Tuchel’s preference for versatility – full-backs who can flip sides, centre-backs who can shuffle across – has given him options on paper. On grass, it has left England short of a specialist for the biggest possible test: a quarter-final in Miami against Brazil and Vinicius Jr, streaking at whichever defender draws the short straw.
Tuchel insists James and Quansah are “getting closer and closer”, with Quansah “a bit ahead”. Hopeful words. He will need more than optimism if Vinicius is the one running at his patched-up back line.
The one man England cannot lose
If the defence is England’s soft underbelly, the midfield has one irreplaceable organ.
Declan Rice.
Tuchel left him out against Panama, a wise move with qualification secured and a yellow card hanging over him. Rice is nursing a hamstring issue and took a kick on the calf against Ghana, but England’s performance without him stripped away any illusion that they can cope in his absence.
Panama had 13 shots. They counter-attacked at will. England were stretched, loose, open. Elliot Anderson fought to hold the centre together while Jude Bellingham and Morgan Rogers pushed on, but the balance was wrong. The underdogs lacked the quality to punish England fully. A better side would not have been so forgiving.
Rice changes that picture entirely. He screens a vulnerable defence, senses danger early, plugs gaps before they become chasms. He builds attacks as well as breaking them, sets the tempo, delivers from set pieces and allows Bellingham to play higher without leaving the back door ajar.
Alongside Harry Kane and Bellingham, Rice now sits in the category no manager wants to contemplate: non-negotiable. Lose him and the whole structure starts to sway.
Tuchel knows it. He will gamble with many things in this tournament – line-ups, in-game tweaks, bold attacking selections – but Rice’s fitness is the one area where risk becomes recklessness.

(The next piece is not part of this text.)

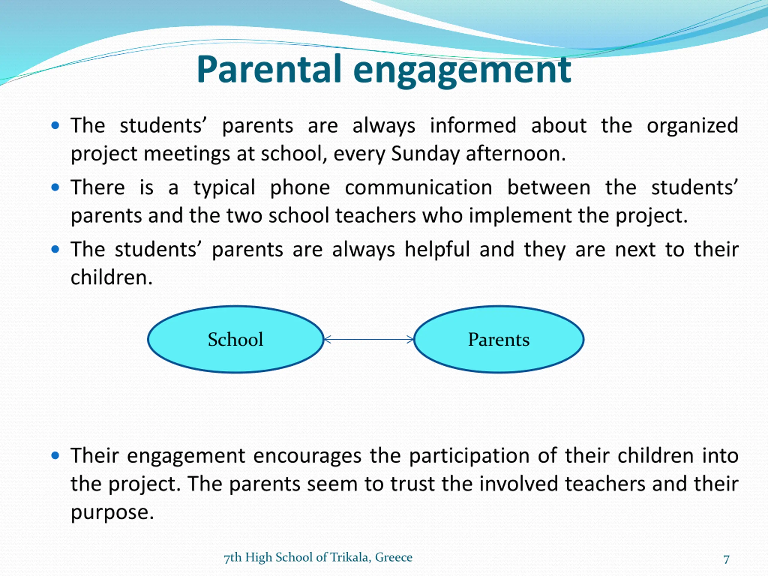 Parental engagement The students parents are always informed about the organized project meetings at school, every Sunday afternoon. There is a typical phone communication between the students parents and the two school teachers who implement the project. The students parents are always helpful and they are next to their children. School Parents Their engagement encourages the participation of their children into the project. The parents seem to trust the involved teachers and their purpose. 7th High School of Trikala, Greece 7

Favourites in a land of upsets
Tuchel has been blunt about England’s status. “We are the favourites,” he said. “We play against our own expectations. We expect to go further than the round of 32, so why should the public not expect that?”

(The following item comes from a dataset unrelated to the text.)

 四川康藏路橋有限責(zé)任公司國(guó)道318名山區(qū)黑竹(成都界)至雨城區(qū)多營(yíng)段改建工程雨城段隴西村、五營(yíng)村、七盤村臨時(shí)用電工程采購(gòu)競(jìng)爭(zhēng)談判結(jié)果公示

There is no hiding place in that sentence. England are not just up against DR Congo. They are up against the weight of a nation that has not seen this trophy since 1966 and a tournament that is chewing up reputations.
Germany’s collapse has already thrown Julian Nagelsmann into crisis, with a loud lobby at home pushing for Jurgen Klopp. The Netherlands’ exit cost Koeman his job inside 24 hours. This World Cup is not waiting for anyone. It is not sentimental.
Tuchel insists there is “no percentage of over-confidence” in England’s approach. He points to the narrow margins in these last-32 ties – Germany-Paraguay, Netherlands-Morocco, Japan-Brazil – and says they actually calm him. The message is clear: accept that anything can happen, and you stop believing you are immune.
He is right on one count. This is not a tournament where a big name can stroll through the early knockouts. Teams are drilled, organised, and brave enough to seize their moment. It is hard for anyone to break anyone down.
Which is why Tuchel’s decisions from this point on will carry a different weight. Whether to start Bukayo Saka again as he manages an Achilles problem, after 63 minutes against Panama. Whether to throw Stones back into the heart of defence. Whether to trust Spence alone at right-back or shuffle the pack again.
He cannot afford a wrong call now. Neither can his players.
England enter this third chapter with their story intact, their ambition unshaken and their flaws exposed for all to see. The prize has never looked more reachable. The trapdoor has never been closer under their feet.
DR Congo will not care about the narrative. They will see what Paraguay and Morocco saw: a chance.
The question now is simple. Does this England side write the defining chapter of Tuchel’s tale – or become just another twist in a World Cup of shocks?